Milano: madri lavoratrici sempre più discriminate
Vessazioni, discriminazioni subdole e banali, mobbing. Poche tutele nella capitale italiana del lavoro femminile per le lavoratrici da poco diventate madri, considerate dalle aziende “meno produttive” .
Mobbing orizzontale
Dalle statistiche emerge una cruda realtà: le donne con figli hanno un tasso di occupazione di 14 punti inferiore rispetto a quelle senza figli. Mentre molte di loro tendono ad abbandonare il lavoro entro il primo anno di vita del bambino. “Le discriminazioni sul posto di lavoro non accennano a diminuire – spiega Ivan Lembo, responsabile Politiche sociali della Cgil di Milano – resta la differenza salariale tra donne e uomini, e la nascita di un bambino genera situazioni di crisi. Ci sono problemi anche per donne che usufruiscono dei permessi della legge 104, in alcuni casi vittime di “mobbing orizzontale” da parte dei colleghi».
Tutto questo accade nella prima città italiana per occupazione femminile, dove oltre il 65% delle donne tra 20 e 65 anni ha un lavoro.
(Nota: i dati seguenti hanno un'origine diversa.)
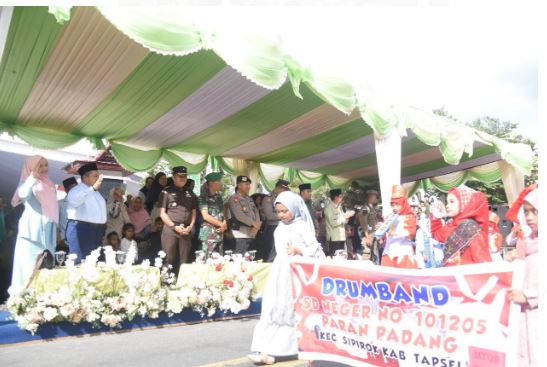 Sementara kedatangan Bupati Dolly Pasaribu bersama Ketua TP PKK Tapsel Ny. Rosalina Dolly Pasaribu disambut dengan sangat meriah oleh seluruh masyarakat Tapsel ketika tiba dilokasi panggung penghormatan.

Milano, per la percentuale di donne occupate, ha raggiunto i livelli di metropoli come Londra, Parigi e Berlino. Anche se per arrivare a condizioni e tutele nordeuropee c’è ancora tanta strada da fare. Al momento, tra contratti a temine, posti fissi, lavoratori autonomi e partite Iva, su 5.000 occupati in più a Milano nel 2018 rispetto all’anno precedente 4.000 sono donne. E in Lombardia, secondo gli ultimi dati diffusi dai sindacati, nell’arco di dieci anni, dal 2008 al 2018, l’occupazione femminile è aumentata del 5.9%, mentre quella maschile si è fermata al +0.9%.
Le vere denunce sono poche
In qualche modo l’azienda vince sempre perché nella maggior parte dei casi la lavoratrice si limita ad avviare una causa al Tribunale del Lavoro. Più che una causa diventa un’autentica guerra psicologica c che il più delle volte non viene neppure portarla a termine. Spesso la denuncia verso i datori di lavoro viene ritirata senza avere neppure raggiunto un adeguato compromesso economico. Le lavoratrici subiscono in silenzio e quindi, esasperate e avvilite, se ne vanno per sempre.
Anche se sempre più emancipate e inserite nel mondo del lavoro, le madri vittime di discriminazioni sono colpite tutti i livelli. Ad esempio lo scorso aprile le lavoratrici milanesi del portale eDreams si erano riunite in presidio per denunciare la mancata concessione di part time e orari flessibili alle neomamme. Poche settimane dopo l’epilogo, con il licenziamento per la decisione dell’agenzia di viaggi online di delocalizzare, tagliando 70 dipendenti a Milano.
Trasferimenti e cambi di orari
Gli stratagemmi per legalizzare le vessazioni inflitte alle neo madri sono sempre più sofisticate. Infatti prima le aziende licenziavano le mamme dopo il primo anno di vita del bambino certe di dover affrontare una causa in tribunale. Adesso tendono a metterle in condizioni di dare le dimissioni imponendo trasferimenti o cambi di orari che rendono impossibile conciliare lavoro e vita da mamma, mettendosi più al riparo da ricorsi in legali.
Nel capoluogo lombardo al Centro Donna della Cgil solo negli ultimi tre anni si sono rivolte 1.771 lavoratrici. In particolare, nel 2018 ben 194 hanno chiesto aiuto per conciliare maternità e lavoro, 49 hanno aperto un contenzioso per discriminazione dopo la maternità e 14 hanno denunciato mobbing di genere.